Multithreading / Extension Support in GMS

xenoargh

Member
This is, unfortunately, going to be pretty vague / open-ended, so I'm apologizing in advance.

For one of my previous projects, in Java, I utilized a multithreaded approach to certain drawing and AI functions. My game's currently running, stable and largely stays in the 300-500 FPS range right now, with most of the major features in place, but there are occasional heavy events that require serious horsepower, and I'd like to explore what can be multithreaded or pushed to pure C#. So, here are some newbie Q's.
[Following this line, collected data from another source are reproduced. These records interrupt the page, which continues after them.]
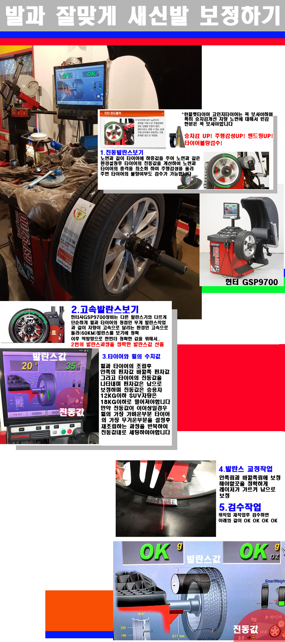 이후 미국 헌터사 GSP9700장비로 고속 및 진동발란스로 더욱더 작업의 정확도와 정밀도를 높였습니다 이장비는 노면에서 올라오는 진동값까지 계산하여 발란스값을 보는 방식으로 진동발란스기는 헌터사GSP9700장비가 유일합니다 이후 역방향으로 60키로의 고속으로 다시 발란스값을 보정하는 방식입니다 그래서 노면에서 올라오는 진동를 잡을수 있으며 특히 타이어의 노면력 측정으로 타이어의 불량여부까지도 검수가 가능한 장비입니다 특히 고속발란스 측정시 타사 발란스기와 틀리게 고속으로 발란스를 보기에 차량이 고속으로 달리는 시뮤레이션 구현이 가능하여 정확한 발란스값을 볼수가 있습니다 그리고 작업자에게는 불필요한 발란스납을 붙이지 않아 미관상으로 좋고 납을 절약하는 고객님에게도윈이고 작업자에게도 윈윈할수 있는 장비입니다 그리고 시중에서 고속진동발란스라고 말하시는 샵들이 많은데 꼭아셔야하는것은 고속발란스는 말그대로 발란스를 볼때 고속으로 돌리기에 60키로 전후 그리고 진동값을 계산하기위해서는 발란스기에 진동롤러가 있어야합니다 그래서 미국헌터사 GSP9700장비가 유일합니다 다른 샵에서 말하는 발란스기는 고속진동발란스기능없는 일반발란스 기기입니다 이점 꼭 아시고 장착하시기를 바랍니다
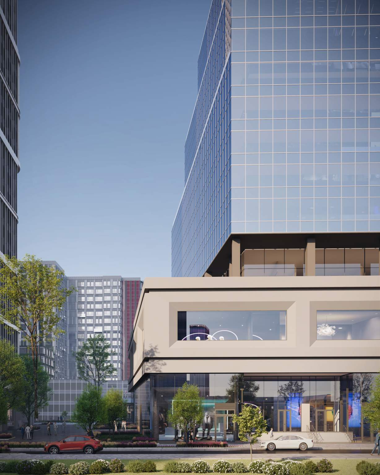Просторная входная группа с торговыми помещениями и ресторанами на 1 и 2 этажах
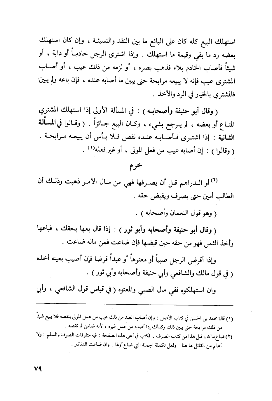وقال أبو حنيفة وأصحابه في المسألة الأولى إذا استهلك المشتري المتاع أو بعضه لم يرجع بشيء وكان البيع جائزا وقالوا في المسألة الثانية إذا اشترى فأصابه عنده نقص فلا بأس أن يبيعه مرابحة وقالوا إن أصابه عيب من فعل المولى أو غير فعله1.
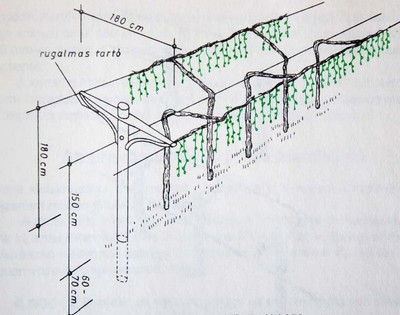 6. A kettősfüggöny művelés: A kettősfüggönyű művelésnél két teljesen különálló lombfalat nevelünk. Metszése megegyezik az egyes függönyével. A gépi szüret itt könnyebben megoldható, mert a gépet nem zavarja a támaszrendszer. A tőtávolság itt is 120 cm, de a sortávolság minimum 4,5 méter. A támaszrendszert és a művelésmódot a 13. kép szemlélteti.

Again, sorry if these seem woefully ignorant.

1. My limited understanding is that GMS can be extended via DLLs or their OS-specific equivalent. These would (typically) be built in <language of choice> in something like Visual Studio, then used as Extensions in GMS. There isn't much documentation about this, other than the basics, and so I have some serious questions about the utility of doing these things.
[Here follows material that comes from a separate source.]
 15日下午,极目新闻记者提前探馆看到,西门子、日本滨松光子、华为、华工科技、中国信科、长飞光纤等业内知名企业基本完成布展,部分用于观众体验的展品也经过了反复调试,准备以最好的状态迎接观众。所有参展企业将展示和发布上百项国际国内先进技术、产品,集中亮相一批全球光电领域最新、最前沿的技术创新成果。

For example, one of the things I'd really like to do is accelerate some code that deals with large collections of points. I don't see anything in the documentation suggesting that I can send complex data structures (ds_lists, for example) via a call to an Extension. How is this typically worked around?
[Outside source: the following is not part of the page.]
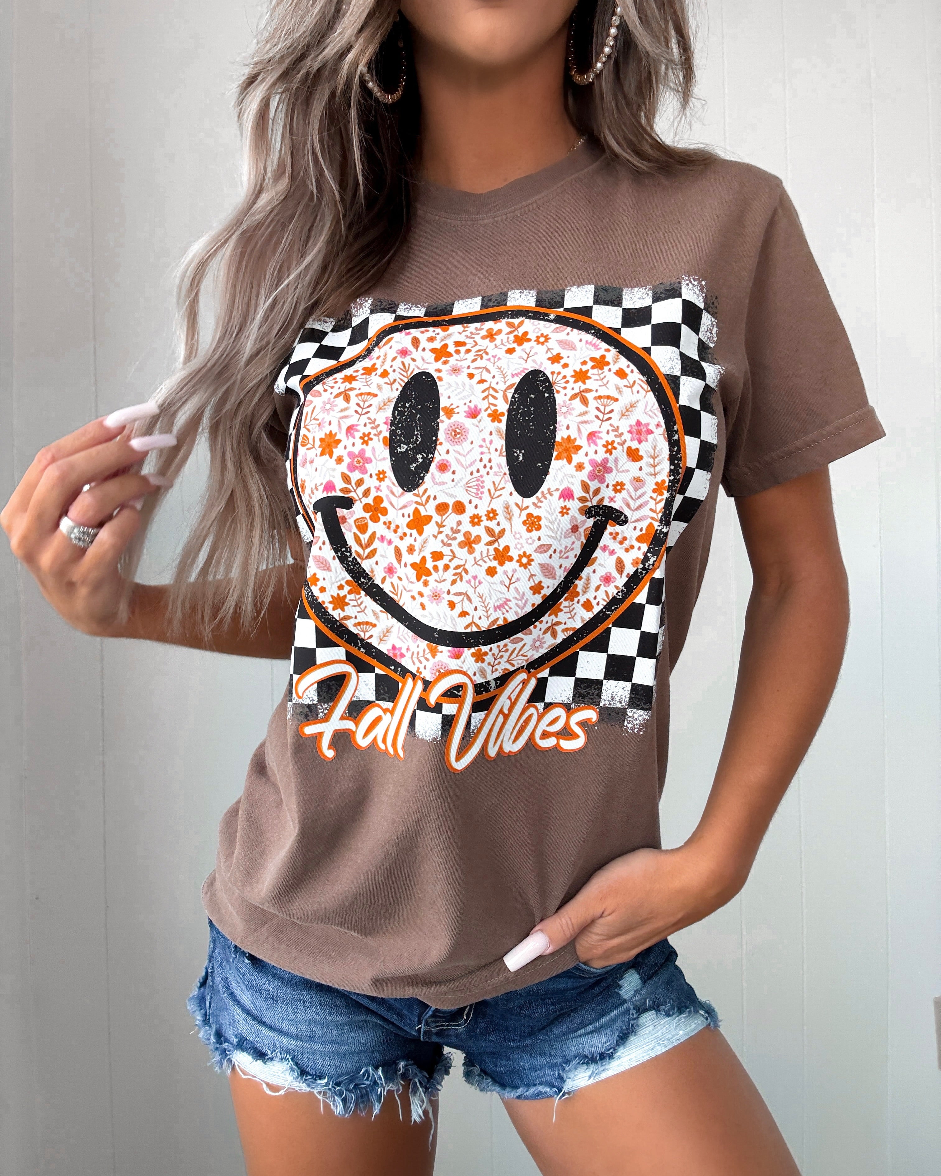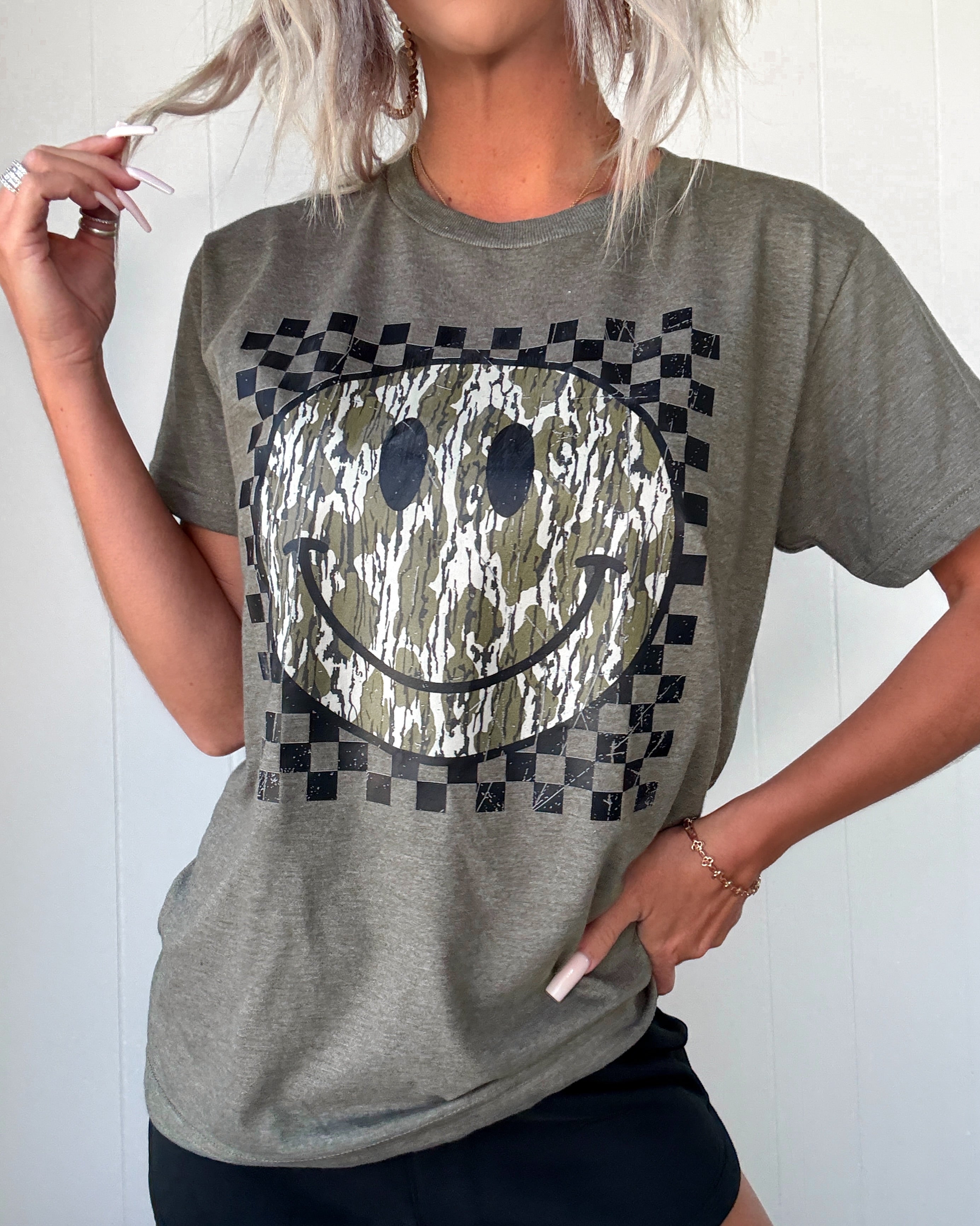 Checkered Camo Smiley Face Graphic Tee - Olive

2. My previous experience with multithreading was via the Lombok library for Java. If using C# instead, does anybody recommend a library that provides (relatively) simple access to thread-safe methods, locking, etc.?

3. If passing multithreaded code back to GMS, what happens if it can't return during the current frame? Will GMS's main frame be halted awaiting results? Will it crash? Be garbage-collected?

4. If I just want to squeeze a little more optimization out of my game for certain math-heavy operations, are there other ways I should explore this, like writing Extension code to handle very specific issues?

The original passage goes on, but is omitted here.